◆ **DATA SEGMENT**
╭──

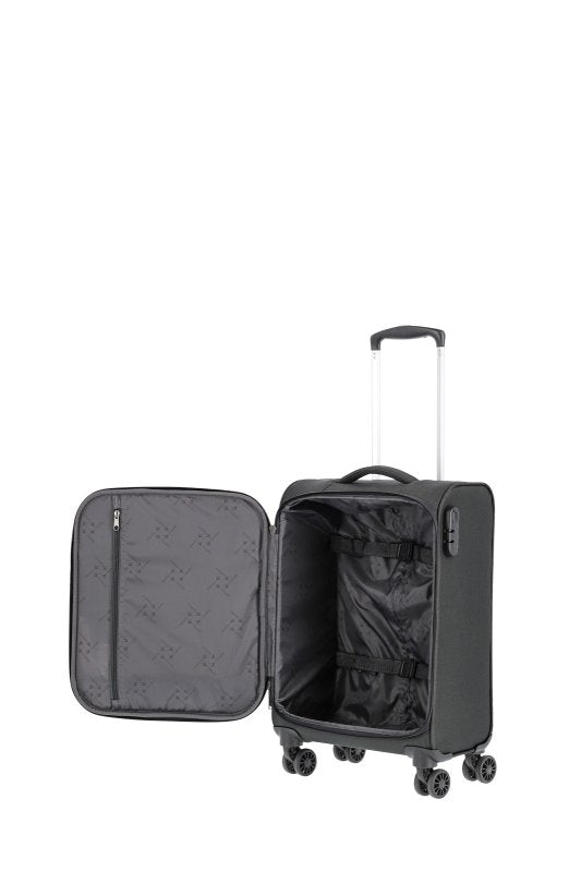 Der CABIN 4w Bordtrolley in Schwarz ist der ideale Begleiter für Kurzreisen und Geschäftsreisen. Mit vier wendigen, leichtlaufenden Rollen bietet er müheloses Manövrieren in alle Richtungen. Das robuste Gehäuse schützt dein Gepäck zuverlässig, während das kompakte Design perfekt als Handgepäck zugelassen ist. Praktische Tragegriffe oben und seitlich sorgen für vielseitigen Transportkomfort. Ein stylischer und funktionaler Trolley für unterwegs.
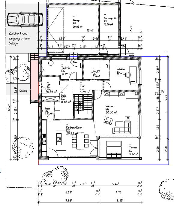 In den angehängten Zeichnungen habe ich die Treppe abgeändert, da mir auch der schmale und leider einzige Zugang im EG in Küche und Wohnzimmer zu schmal mit der Podesttreppe vorkommt.
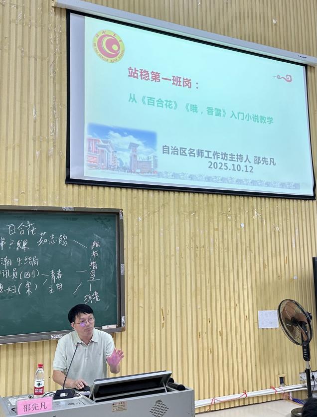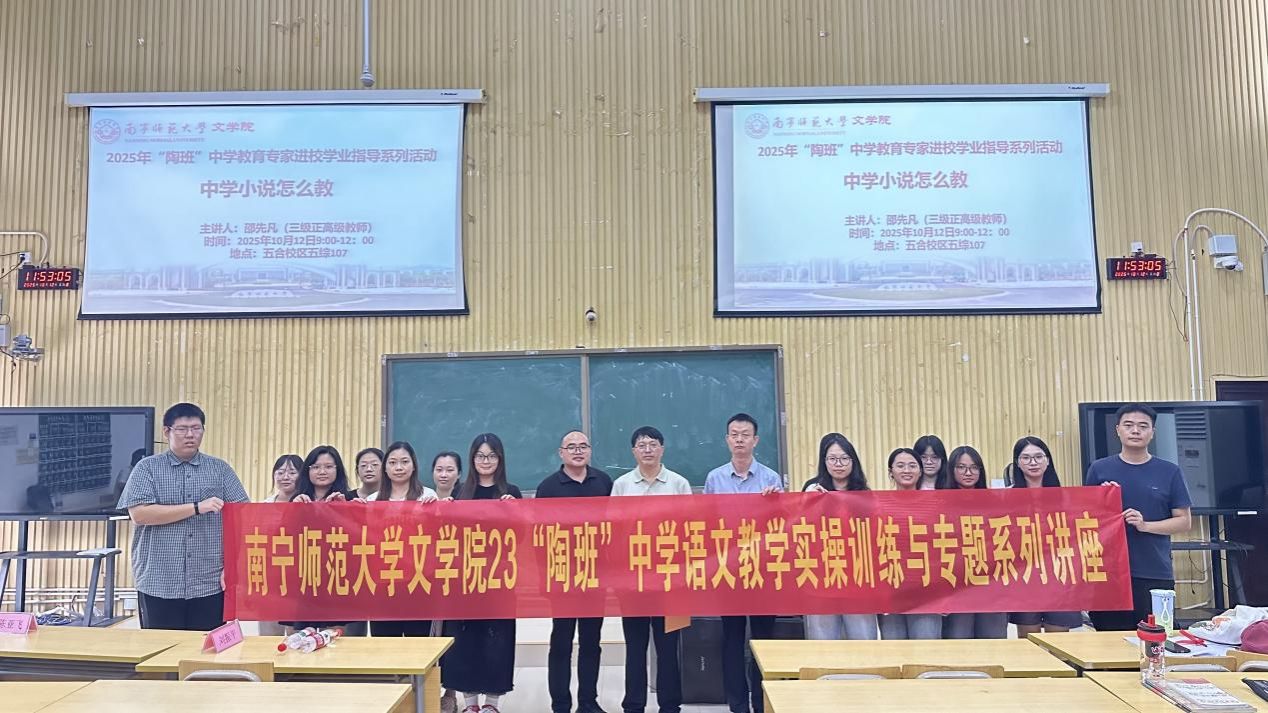 为充分发挥校外导师在“双导师制”中的实践指导效能,进一步夯实陶行知实验班学生中学语文教学实操能力,切实提升人才培养质量,2025年10月12日(星期六)上午,文学院2023级陶行知实验班于五综107教室举办第二场“中学语文教学实操指导与专题讲座”。本次讲座邀请河池高级中学教育专家邵先凡老师莅临现场,开展教学实践指导工作。文学院副院长(主持行政工作)刘振平、语文课程与教学论教研室教师陈亚飞出席,文学院2023级陶行知实验班全体学生、学科语文研究生及其他学生代表参加讲座。

╰──

◆ **WHAT YOU WILL DO**
From the listing, extract all text exactly as given and drop any picture.

◆ **SOLUTION FOR THIS TASK**
 Der CABIN 4w Bordtrolley in Schwarz ist der ideale Begleiter für Kurzreisen und Geschäftsreisen. Mit vier wendigen, leichtlaufenden Rollen bietet er müheloses Manövrieren in alle Richtungen. Das robuste Gehäuse schützt dein Gepäck zuverlässig, während das kompakte Design perfekt als Handgepäck zugelassen ist. Praktische Tragegriffe oben und seitlich sorgen für vielseitigen Transportkomfort. Ein stylischer und funktionaler Trolley für unterwegs.
 In den angehängten Zeichnungen habe ich die Treppe abgeändert, da mir auch der schmale und leider einzige Zugang im EG in Küche und Wohnzimmer zu schmal mit der Podesttreppe vorkommt.
 为充分发挥校外导师在“双导师制”中的实践指导效能,进一步夯实陶行知实验班学生中学语文教学实操能力,切实提升人才培养质量,2025年10月12日(星期六)上午,文学院2023级陶行知实验班于五综107教室举办第二场“中学语文教学实操指导与专题讲座”。本次讲座邀请河池高级中学教育专家邵先凡老师莅临现场,开展教学实践指导工作。文学院副院长(主持行政工作)刘振平、语文课程与教学论教研室教师陈亚飞出席,文学院2023级陶行知实验班全体学生、学科语文研究生及其他学生代表参加讲座。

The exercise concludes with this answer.